**Exercise prompt:** Each entry below must be given again word for word, with no pictures.

START Data

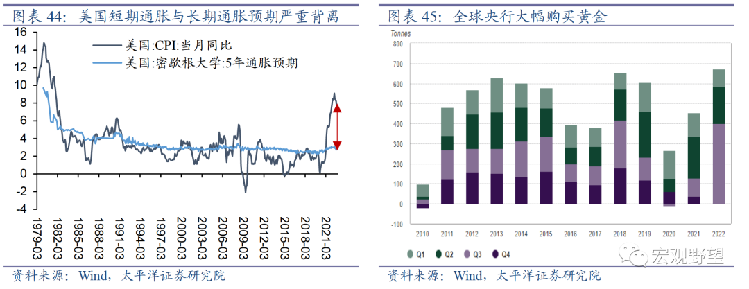 4.3. 贵金属优于工业品我们认为2023年贵金属将迎来较好的行情,黄金具有进攻和防御的双重优势。2022年得益于人民币贬值,人民币计价的黄金上涨较多。但美元计价的黄金没有出现很大幅度的上涨,这与很多人关于黄金“抗通胀”的印象不符。为什么在2022年美国大通胀的环境下,美元计价的黄金没有大涨?我们认为这主要是因为美国通胀结构上出现了较为罕见的短期通胀与长期通胀预期的严重背离。以CPI代表的短期通胀急速飙升,而市场对于通胀的长期预期则一直较为稳定。黄金与通胀的正相关性更多体现为与长期通胀预期的正相关性,所以较低的长期通胀预期对于黄金的推动力有限。而短期通胀的上升却引发了美联储政策迅速转鹰,对黄金价格产生压制。这是2022年美元计价的黄金没有体现出“抗通胀”属性的根本原因。但2023年形势将发生转变。从短期来看,美联储加息周期已经接近尾声,一旦美联储停止加息,则对于黄金价格最大的压制力量将消除。而全球经济下行甚至衰退的压力将推动金价上涨。从长期来看,去美元化已经成为新的长期趋势。在俄乌冲突爆发、美国冻结了俄罗斯的外汇储备之后,各国对于金融安全的重视程度大大上升,2022年前三个季度全球央行购买黄金的总量已经超过了以往年份全年的总和。央行购买黄金实际上明确反映出了对于美元的不信任。2022年在美联储强势加息的支撑下,美元信用没有出现很大压力。但随着美联储加息周期结束,则全球去美元的进程将对美元产生巨大打击。而当信用货币体系受到较大冲击之时,黄金都会成为最后的“硬通货”。我们认为黄金有望进入长期的上涨周期之中。
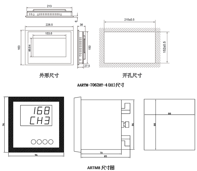 ARTM8温度巡检仪:ARTM系列温度巡检测控仪适用于一路或多路温度的测量和控制,主要应用于火电厂、水电站等场合的温度巡检测量及控制。测量8通道Pt100温度,也可以屏蔽其中任意通道。每一通道温度测量对应2段报警,继电器输出可以任意设置向及报警值。
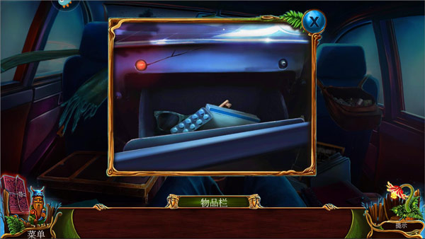 3、利用指甲锉打开副驾驶前面的盖子,找到宝箱钥匙;
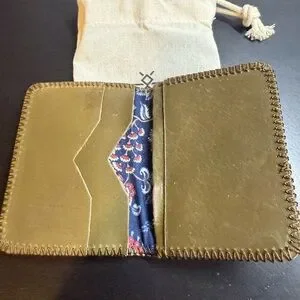 An earthy, minimalist sage green wallet, featuring a gorgeous blue floral lining and space for all your essentials. Compact and chic, this limited-edition sage green leather wallet for women is one you’ll want in your collection.
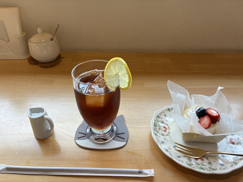 ショーケースからケーキを選び、レジでドリンクを注文し、カフェスペースでいただくスタイルです。
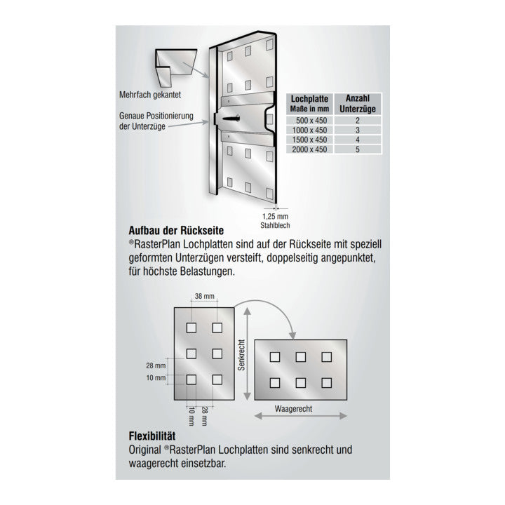 Flexible and expandable - ideal for mounting on walls, workbenches or for use as free-standing partitions - perforated panels made of 1.25 mm thick sheet steel - powder-coated - bevelled all round and reinforced with beams - hole spacing 38 mm - hole size 10 mm²

END Data

**Solution to this task:**
 4.3. 贵金属优于工业品我们认为2023年贵金属将迎来较好的行情,黄金具有进攻和防御的双重优势。2022年得益于人民币贬值,人民币计价的黄金上涨较多。但美元计价的黄金没有出现很大幅度的上涨,这与很多人关于黄金“抗通胀”的印象不符。为什么在2022年美国大通胀的环境下,美元计价的黄金没有大涨?我们认为这主要是因为美国通胀结构上出现了较为罕见的短期通胀与长期通胀预期的严重背离。以CPI代表的短期通胀急速飙升,而市场对于通胀的长期预期则一直较为稳定。黄金与通胀的正相关性更多体现为与长期通胀预期的正相关性,所以较低的长期通胀预期对于黄金的推动力有限。而短期通胀的上升却引发了美联储政策迅速转鹰,对黄金价格产生压制。这是2022年美元计价的黄金没有体现出“抗通胀”属性的根本原因。但2023年形势将发生转变。从短期来看,美联储加息周期已经接近尾声,一旦美联储停止加息,则对于黄金价格最大的压制力量将消除。而全球经济下行甚至衰退的压力将推动金价上涨。从长期来看,去美元化已经成为新的长期趋势。在俄乌冲突爆发、美国冻结了俄罗斯的外汇储备之后,各国对于金融安全的重视程度大大上升,2022年前三个季度全球央行购买黄金的总量已经超过了以往年份全年的总和。央行购买黄金实际上明确反映出了对于美元的不信任。2022年在美联储强势加息的支撑下,美元信用没有出现很大压力。但随着美联储加息周期结束,则全球去美元的进程将对美元产生巨大打击。而当信用货币体系受到较大冲击之时,黄金都会成为最后的“硬通货”。我们认为黄金有望进入长期的上涨周期之中。
 ARTM8温度巡检仪:ARTM系列温度巡检测控仪适用于一路或多路温度的测量和控制,主要应用于火电厂、水电站等场合的温度巡检测量及控制。测量8通道Pt100温度,也可以屏蔽其中任意通道。每一通道温度测量对应2段报警,继电器输出可以任意设置向及报警值。
 3、利用指甲锉打开副驾驶前面的盖子,找到宝箱钥匙;
 An earthy, minimalist sage green wallet, featuring a gorgeous blue floral lining and space for all your essentials. Compact and chic, this limited-edition sage green leather wallet for women is one you’ll want in your collection.
 ショーケースからケーキを選び、レジでドリンクを注文し、カフェスペースでいただくスタイルです。
 Flexible and expandable - ideal for mounting on walls, workbenches or for use as free-standing partitions - perforated panels made of 1.25 mm thick sheet steel - powder-coated - bevelled all round and reinforced with beams - hole spacing 38 mm - hole size 10 mm²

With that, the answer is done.